Mutter-Kind-Pass-Reform

Über eine Reform des Mutter-Kind-Passes laufen derzeit Gespräche in Expertengremien. Im Gesundheitsministerium hieß es dazu, dass der Pass derzeit als Vorsorge-Screening-Modul fungiere. Die Überprüfung, ob eine Beratung stattfinde, wie vom Hilfswerk gefordert, wäre demnach ein Bruch mit dem bisherigen System. Übergewicht als Risiko für Schwangere sei aber sehr wohl ein Thema bei den Beratungen zur Reform des Mutter-Kind-Passes. Parallel dazu habe man für die "Vorsorgestrategie Ernährung" seit 2011 insgesamt sieben Millionen Euro ausgegeben – etwa für workshopartige Veranstaltungen über gesunde Ernährung. Derlei Events seien für Schwangere kostenlos.
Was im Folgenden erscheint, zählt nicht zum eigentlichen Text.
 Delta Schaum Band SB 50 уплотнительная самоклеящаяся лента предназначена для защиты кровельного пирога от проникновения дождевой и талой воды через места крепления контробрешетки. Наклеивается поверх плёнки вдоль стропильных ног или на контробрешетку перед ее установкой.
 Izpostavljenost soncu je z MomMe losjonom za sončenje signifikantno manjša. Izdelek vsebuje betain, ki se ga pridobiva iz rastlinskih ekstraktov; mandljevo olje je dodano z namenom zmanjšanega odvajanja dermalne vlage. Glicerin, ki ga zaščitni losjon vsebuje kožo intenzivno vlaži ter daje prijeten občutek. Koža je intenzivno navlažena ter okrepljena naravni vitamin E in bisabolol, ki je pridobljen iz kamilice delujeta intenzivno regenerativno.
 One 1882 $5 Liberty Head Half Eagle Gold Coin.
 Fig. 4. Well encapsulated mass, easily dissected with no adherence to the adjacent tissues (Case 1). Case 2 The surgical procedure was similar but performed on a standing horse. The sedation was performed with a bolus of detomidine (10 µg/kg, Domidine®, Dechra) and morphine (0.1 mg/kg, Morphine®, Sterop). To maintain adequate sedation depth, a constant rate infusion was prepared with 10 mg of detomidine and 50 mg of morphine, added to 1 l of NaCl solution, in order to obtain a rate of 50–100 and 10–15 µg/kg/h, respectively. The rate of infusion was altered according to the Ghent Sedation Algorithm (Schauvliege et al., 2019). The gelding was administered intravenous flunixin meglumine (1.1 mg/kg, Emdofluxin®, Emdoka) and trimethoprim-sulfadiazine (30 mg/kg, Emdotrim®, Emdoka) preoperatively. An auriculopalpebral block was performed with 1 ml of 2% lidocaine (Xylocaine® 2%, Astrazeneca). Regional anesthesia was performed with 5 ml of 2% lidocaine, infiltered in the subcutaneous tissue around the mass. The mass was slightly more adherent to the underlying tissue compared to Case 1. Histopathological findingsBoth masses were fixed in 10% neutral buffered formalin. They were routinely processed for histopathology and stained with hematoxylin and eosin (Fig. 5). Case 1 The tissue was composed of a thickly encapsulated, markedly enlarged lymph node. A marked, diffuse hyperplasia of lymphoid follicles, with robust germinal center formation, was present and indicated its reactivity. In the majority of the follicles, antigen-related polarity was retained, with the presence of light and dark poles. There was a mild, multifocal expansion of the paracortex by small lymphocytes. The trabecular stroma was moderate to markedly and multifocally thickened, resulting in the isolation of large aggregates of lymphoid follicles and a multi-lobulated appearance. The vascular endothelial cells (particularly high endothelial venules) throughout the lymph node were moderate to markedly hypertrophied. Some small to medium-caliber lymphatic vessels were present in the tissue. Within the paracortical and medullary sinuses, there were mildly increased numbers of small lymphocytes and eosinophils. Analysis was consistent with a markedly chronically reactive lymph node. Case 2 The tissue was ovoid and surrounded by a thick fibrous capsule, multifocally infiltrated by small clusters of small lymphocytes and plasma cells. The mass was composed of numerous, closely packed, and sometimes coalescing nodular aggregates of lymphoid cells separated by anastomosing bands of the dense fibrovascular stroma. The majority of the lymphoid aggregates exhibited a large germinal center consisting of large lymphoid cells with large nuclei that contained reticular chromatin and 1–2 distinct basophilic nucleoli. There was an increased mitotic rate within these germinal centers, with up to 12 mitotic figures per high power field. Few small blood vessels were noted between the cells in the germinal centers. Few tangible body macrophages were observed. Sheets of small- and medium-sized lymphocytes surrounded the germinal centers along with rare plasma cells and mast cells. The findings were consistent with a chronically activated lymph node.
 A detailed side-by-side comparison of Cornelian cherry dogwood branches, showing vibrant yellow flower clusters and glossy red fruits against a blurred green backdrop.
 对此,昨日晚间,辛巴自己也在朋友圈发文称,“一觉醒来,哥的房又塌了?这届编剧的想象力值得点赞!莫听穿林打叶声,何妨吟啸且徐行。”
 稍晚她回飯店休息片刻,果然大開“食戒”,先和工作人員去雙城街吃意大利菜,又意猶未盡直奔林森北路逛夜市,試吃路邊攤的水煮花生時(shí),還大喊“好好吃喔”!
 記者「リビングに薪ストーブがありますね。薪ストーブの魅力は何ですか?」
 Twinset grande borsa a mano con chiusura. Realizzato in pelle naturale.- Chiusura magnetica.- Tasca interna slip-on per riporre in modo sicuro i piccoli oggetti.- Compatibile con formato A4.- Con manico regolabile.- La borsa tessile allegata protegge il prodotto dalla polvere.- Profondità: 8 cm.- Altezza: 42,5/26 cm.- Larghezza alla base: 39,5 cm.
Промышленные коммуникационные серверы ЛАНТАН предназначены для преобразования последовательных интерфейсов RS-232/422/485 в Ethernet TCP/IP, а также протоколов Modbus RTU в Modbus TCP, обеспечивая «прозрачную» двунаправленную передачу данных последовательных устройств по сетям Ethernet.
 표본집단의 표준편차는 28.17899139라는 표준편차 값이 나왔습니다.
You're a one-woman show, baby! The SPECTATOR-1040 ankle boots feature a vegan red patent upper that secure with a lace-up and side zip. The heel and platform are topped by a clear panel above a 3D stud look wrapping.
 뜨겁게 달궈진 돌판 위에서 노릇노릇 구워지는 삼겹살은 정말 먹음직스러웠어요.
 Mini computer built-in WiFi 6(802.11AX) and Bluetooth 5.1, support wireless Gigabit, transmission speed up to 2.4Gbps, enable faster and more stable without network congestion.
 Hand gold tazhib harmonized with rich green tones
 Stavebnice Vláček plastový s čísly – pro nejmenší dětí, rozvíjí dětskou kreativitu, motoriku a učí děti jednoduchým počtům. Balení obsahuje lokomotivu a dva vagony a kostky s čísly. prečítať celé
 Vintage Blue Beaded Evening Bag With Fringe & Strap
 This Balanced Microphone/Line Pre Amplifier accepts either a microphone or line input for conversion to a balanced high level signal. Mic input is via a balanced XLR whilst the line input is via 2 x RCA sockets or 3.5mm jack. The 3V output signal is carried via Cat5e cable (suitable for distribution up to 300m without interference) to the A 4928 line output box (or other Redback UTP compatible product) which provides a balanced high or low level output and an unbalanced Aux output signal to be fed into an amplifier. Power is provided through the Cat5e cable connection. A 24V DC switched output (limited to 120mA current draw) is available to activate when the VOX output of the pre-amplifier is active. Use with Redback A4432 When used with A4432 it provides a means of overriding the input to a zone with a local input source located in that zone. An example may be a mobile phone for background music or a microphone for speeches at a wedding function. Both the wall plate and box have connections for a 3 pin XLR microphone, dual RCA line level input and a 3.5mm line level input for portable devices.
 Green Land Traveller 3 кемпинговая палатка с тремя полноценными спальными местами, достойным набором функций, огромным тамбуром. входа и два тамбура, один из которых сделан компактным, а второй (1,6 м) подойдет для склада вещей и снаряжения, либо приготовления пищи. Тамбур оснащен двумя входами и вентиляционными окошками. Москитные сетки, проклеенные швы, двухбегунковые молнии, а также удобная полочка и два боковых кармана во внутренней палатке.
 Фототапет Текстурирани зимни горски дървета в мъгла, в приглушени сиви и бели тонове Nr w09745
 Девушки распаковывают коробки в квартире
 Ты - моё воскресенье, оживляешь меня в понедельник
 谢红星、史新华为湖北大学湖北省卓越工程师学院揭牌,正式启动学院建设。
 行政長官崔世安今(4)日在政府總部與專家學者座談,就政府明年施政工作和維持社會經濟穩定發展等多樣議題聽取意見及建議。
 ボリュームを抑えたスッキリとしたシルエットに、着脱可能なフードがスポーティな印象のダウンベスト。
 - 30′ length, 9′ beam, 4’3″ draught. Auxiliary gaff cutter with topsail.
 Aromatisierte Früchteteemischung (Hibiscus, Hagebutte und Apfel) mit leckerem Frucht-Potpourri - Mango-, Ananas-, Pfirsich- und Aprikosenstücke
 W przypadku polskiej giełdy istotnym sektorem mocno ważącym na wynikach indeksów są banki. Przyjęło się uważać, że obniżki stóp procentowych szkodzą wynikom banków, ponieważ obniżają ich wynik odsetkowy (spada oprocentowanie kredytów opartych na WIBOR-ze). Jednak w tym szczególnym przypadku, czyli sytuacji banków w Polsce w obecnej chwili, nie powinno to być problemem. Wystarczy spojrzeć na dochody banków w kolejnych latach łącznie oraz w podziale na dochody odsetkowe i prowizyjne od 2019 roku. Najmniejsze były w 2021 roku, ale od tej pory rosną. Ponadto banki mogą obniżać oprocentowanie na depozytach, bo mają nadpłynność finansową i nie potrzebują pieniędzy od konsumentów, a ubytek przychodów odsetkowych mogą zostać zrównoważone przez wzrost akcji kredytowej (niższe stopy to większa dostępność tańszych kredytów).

Soll bei nur drei von vier Schülern

Wie viele Kinder in Österreich in welchem Ausmaß von Übergewicht betroffen sind, ist statistisch nicht erfasst. Einer bereits 2005/06 vom Grünen Kreuz für Vorsorgemedizin durchgeführten Studie zufolge hatten damals nur drei von vier Schülern ihr Sollgewicht, jeder fünfte Bub und jedes sechste Mädchen war stark übergewichtig oder sogar adipös.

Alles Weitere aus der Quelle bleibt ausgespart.